NO — Article II Doesn’t Say That
At the conservative student conference, Turning Point USA’s Teen Student Action Summit, on 23 July 2019, Trump said, “Then I have an Article 2, where I have the right to do whatever I want as president.”
No — Article II doesn’t say that. The passage of the Constitution referenced, is one of three articles establishing co-equal branches of government. Article II details how the president is elected, and lays out in broad strokes, four powers of the president and responsibilities of the office. It also details the procedure for removing a POTUS from office.
It does not, in word nor interpretation, empower the president to do “whatever [he] wants.” In fact, it specifically restricts the president to the law, “he shall take care that the laws be faithfully executed.” The oath itself limits the president to the Constitution and our laws with this statement actually included in the oath: “I will… preserve, protect and defend the Constitution of the United States.”
He is not empowered to act alone for even those four powers. Article II requires the president to get the advice and consent of the Senate to use those powers, including to make treaties, appoint judges, ambassadors, and other public officials. The primary responsibility of the office is enforcing the laws. The president is explicitly intailed to:
• sign or veto legislation,
• act as comander-in-chief of the armed forces
• request written opinions of the president’s Cabinet
• convene or adjourn Congress
• grant reprieves and pardons
• receive ambassadors
Nothing… not one word nor codicil nor stricture in any way gives absolute power to the president. Article two inextricably ties the presidential powers of the Executive Branch to the co-equal powers of the Congress and the Judicial Branches of government.
Below is the full copy of Article II from the website (https://www.law.cornell.edu/constitution/articleii) of Cornell Law School, Legal Information Institute (LII) — Open access to law since 1992. The text includes links to the 12th and 25 Amendments.
Article II: Section 1.
The executive power shall be vested in a President of the United States of America. He shall hold his office during the term of four years, and, together with the Vice President, chosen for the same term, be elected, as follows:
Each state shall appoint, in such manner as the Legislature thereof may direct, a number of electors, equal to the whole number of Senators and Representatives to which the State may be entitled in the Congress: but no Senator or Representative, or person holding an office of trust or profit under the United States, shall be appointed an elector.
The Congress may determine the time of choosing the electors, and the day on which they shall give their votes; which day shall be the same throughout the United States.
No person except a natural born citizen, or a citizen of the United States, at the time of the adoption of this Constitution, shall be eligible to the office of President; neither shall any person be eligible to that office who shall not have attained to the age of thirty five years, and been fourteen Years a resident within the United States.

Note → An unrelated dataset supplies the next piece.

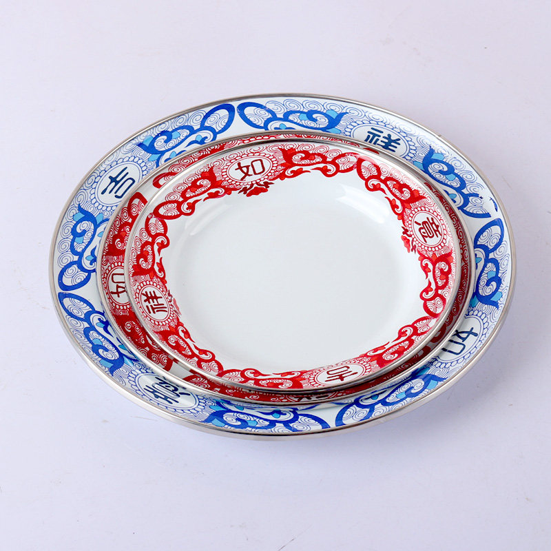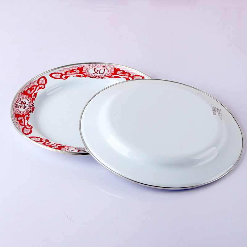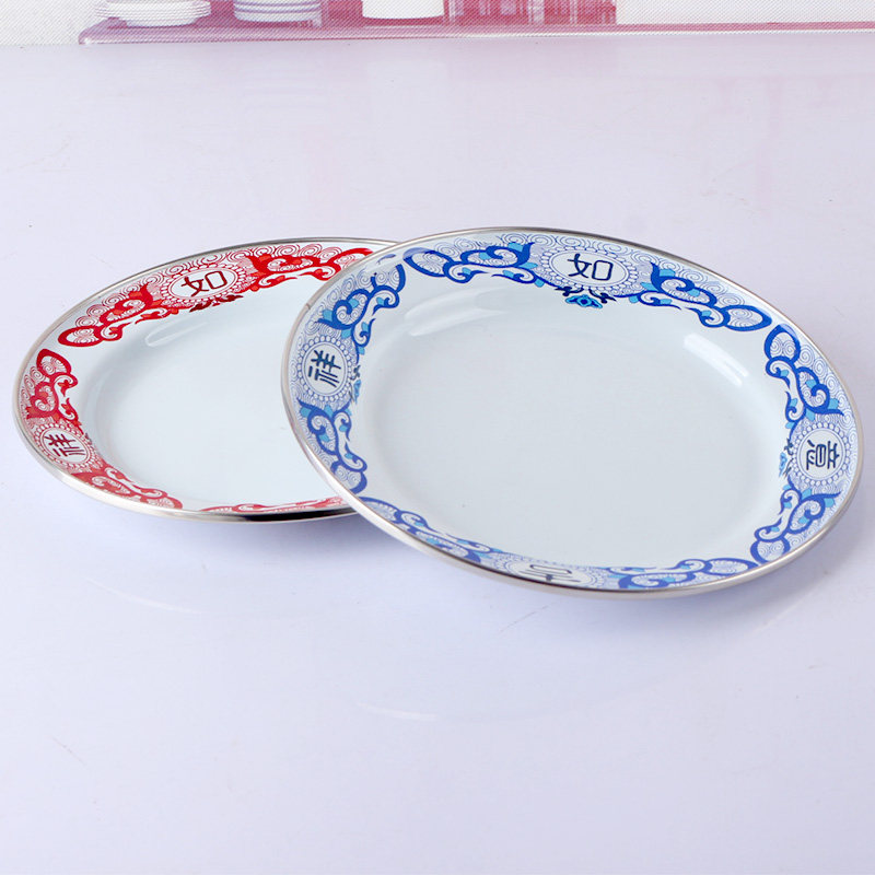 特厚搪瓷盘子 碟子 高点盘 水果盘家用餐具 搪瓷碟子平盘双料搪瓷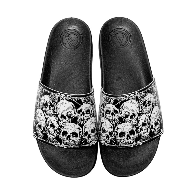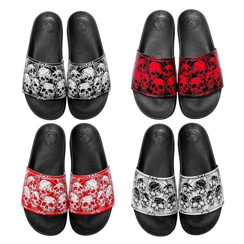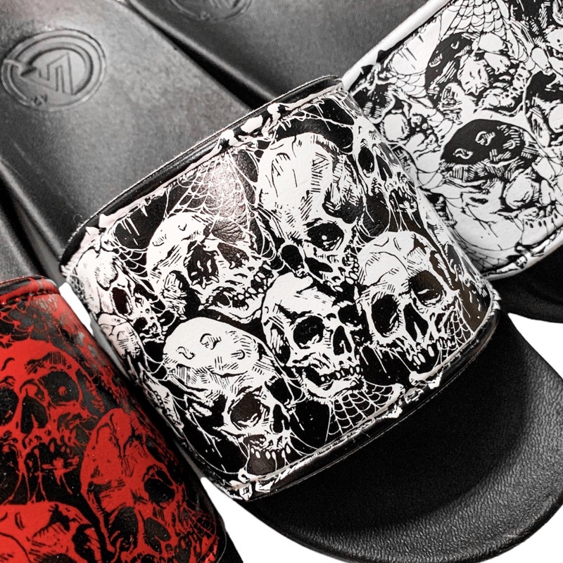 ใหม่! พร้อมส่ง 😈 รองเท้าแตะผู้ชาย ลายกะโหลก ไม่เหมือนใคร พื้นนิ่ม เพิ่ม 1-2ไซส์ งานแท้ 100% (ใย)

The President shall, at stated times, receive for his services, a compensation, which shall neither be increased nor diminished during the period for which he shall have been elected, and he shall not receive within that period any other emolument from the United States, or any of them.
Before he enter on the execution of his office, he shall take the following oath or affirmation: — “I do solemnly swear (or affirm) that I will faithfully execute the office of President of the United States, and will to the best of my ability, preserve, protect and defend the Constitution of the United States.”
Section 2.
The President shall be commander in chief of the Army and Navy of the United States, and of the militia of the several states, when called into the actual service of the United States; he may require the opinion, in writing, of the principal officer in each of the executive departments, upon any subject relating to the duties of their respective offices, and he shall have power to grant reprieves and pardons for offenses against the United States, except in cases of impeachment.
He shall have power, by and with the advice and consent of the Senate, to make treaties, provided two thirds of the Senators present concur; and he shall nominate, and by and with the advice and consent of the Senate, shall appoint ambassadors, other public ministers and consuls, judges of the Supreme Court, and all other officers of the United States, whose appointments are not herein otherwise provided for, and which shall be established by law: but the Congress may by law vest the appointment of such inferior officers, as they think proper, in the President alone, in the courts of law, or in the heads of departments.
The President shall have power to fill up all vacancies that may happen during the recess of the Senate, by granting commissions which shall expire at the end of their next session.
Section 3.
He shall from time to time give to the Congress information of the state of the union, and recommend to their consideration such measures as he shall judge necessary and expedient; he may, on extraordinary occasions, convene both Houses, or either of them, and in case of disagreement between them, with respect to the time of adjournment, he may adjourn them to such time as he shall think proper; he shall receive ambassadors and other public ministers; he shall take care that the laws be faithfully executed, and shall commission all the officers of the United States.
Section 4.
The President, Vice President and all civil officers of the United States, shall be removed from office on impeachment for, and conviction of, treason, bribery, or other high crimes and misdemeanors.